>>>

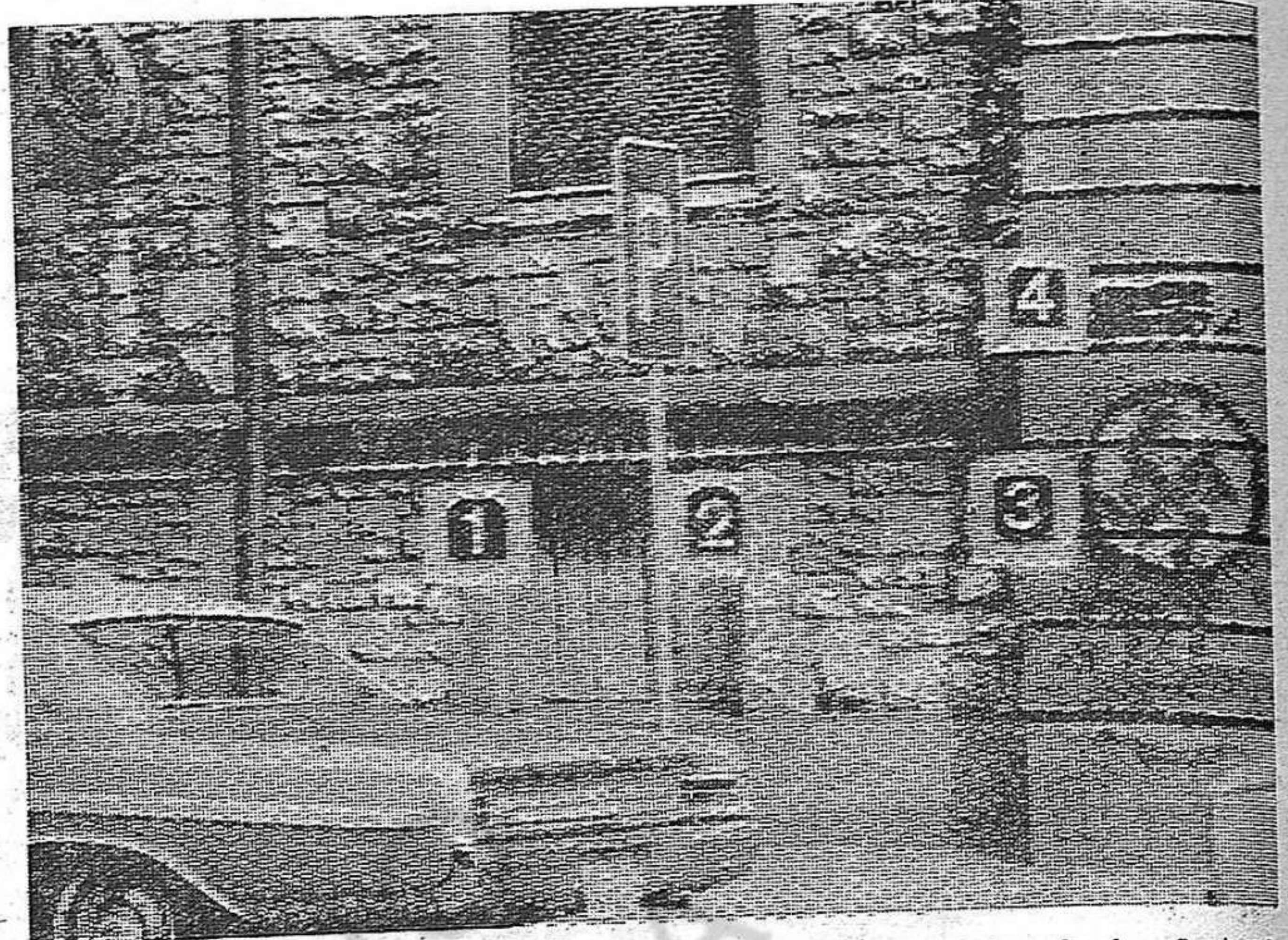
Fotografía publicada por la prensa suiza de Zurich. 1. Libertad (en alemán); 2. Asesinos; 3. La cruz gamada; 4. El letterero del Consulado borrado con pintura negra. Tales fueron las inscripciones en la fachada del Consulado franquista.

En la tarde del mismo día, a las 7, tuvo lugar una manifestación conjunta de estudiantes belgas y obreros españoles, que recorrió las calles céntricas de Bruselas testimoniando su solidaridad con los estudiantes, con el pueblo español en lucha y su condena de los regímenes de Franco y Salazar.
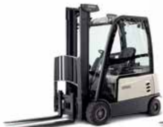
Cabine parcialmente fechada
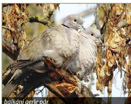
balkáni gerle pár
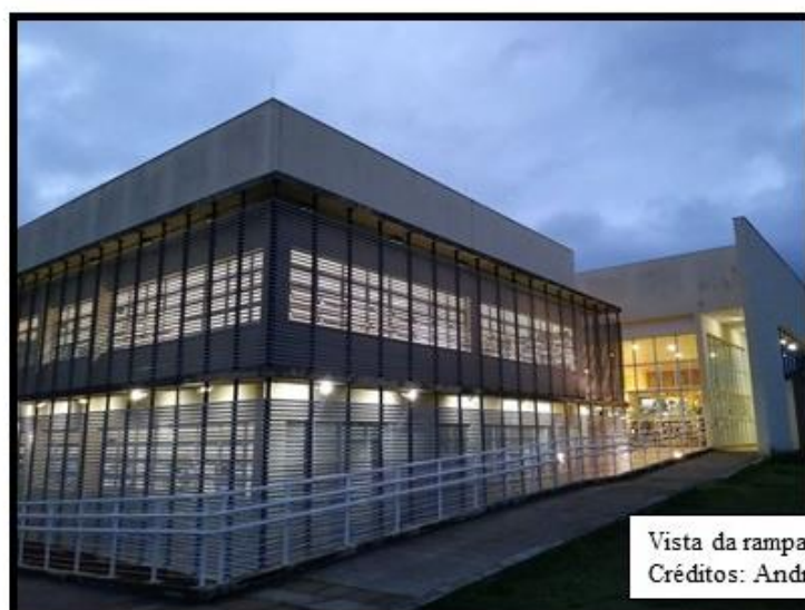
Vista da rampa de acesso

<<<

WORK INSTRUCTIONS
What you return should match the material word for word, apart from the pictures.

SOLUTION TO THE PROBLEM
Fotografía publicada por la prensa suiza de Zurich. 1. Libertad (en alemán); 2. Asesinos; 3. La cruz gamada; 4. El letterero del Consulado borrado con pintura negra. Tales fueron las inscripciones en la fachada del Consulado franquista.

En la tarde del mismo día, a las 7, tuvo lugar una manifestación conjunta de estudiantes belgas y obreros españoles, que recorrió las calles céntricas de Bruselas testimoniando su solidaridad con los estudiantes, con el pueblo español en lucha y su condena de los regímenes de Franco y Salazar.
Cabine parcialmente fechada
balkáni gerle pár
Vista da rampa de acesso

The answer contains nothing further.